A simulation program is designed to answer ‘what-if’ questions by modelling future processes based on scenarios. This means that process simulation on its own is very useful when you already know what you want to change in the process. Machine learning comes in when you’re looking for ways to optimise the process but don’t know exactly what you want to change. Machine learning can be used to ask open questions, for example about how to make the current process run faster. There are various machine learning algorithms that are good at telling you what elements in a process (for example supplier, material types or time of year) can drive what kinds of outcome (for instance lower process cycle time). If you can feed RPA process audit trails into various machine learning algorithms, you can get prescriptive solutions to improve your processes.

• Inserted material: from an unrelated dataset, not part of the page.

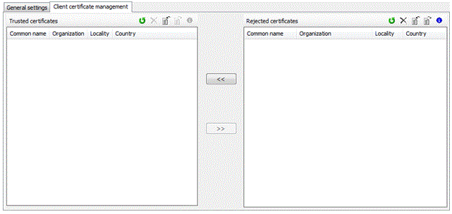 This tab allows you to determine which client certificates are trusted and which clients are allowed to communicate with the server.

For example, machine learning might come up with the suggestion that ordering material X from supplier A in the week of Christmas instead of the first week in January will result in a 50% improvement in order fulfilment in January. You could change the RPA robot setting in line with this suggestion to make sure orders to the relevant suppliers are placed during Christmas week, while your staff are on vacation.
Apart from its ability to generate simple correlations, machine learning combined with today’s computing power is increasingly capable of identifying unknown relationships within multiple business processes. For instance, it can potentially correlate procumbent processes with sales processes to analyse directly what supply chain management actions need to be taken to improve sales. All these complex analytics can be made possible using the comprehensive and detailed audit trails kept by RPA technologies.
RPA is already used in machine learning. At PwC we have brought our machine learning and RPA teams together. The result is a bot we call the Data Science Machine. The Data Science Machine harnesses the concept of RPA to autonomously experiment with a library of machine learning algorithms with different process data elements (features) to identify the best prediction methods. So it’s an RPA bot that can learn the data generated by another RPA bot from actual business processes. It might sound like science fiction, but it’s already a reality.
In a nutshell
Robotic process automation on its own is a rapid, low-cost and non-invasive approach to automating existing processes. But there are even greater business benefits to be had if you combine RPA with state-of-the-art data analytics and machine learning technologies to visualise, simulate and autonomously identify improvement opportunities in your processes. So after achieving early process improvements such as reduced process cycle time, increased throughput capacity and cost savings via RPA, you can further leverage the data it generates to truly transform your business.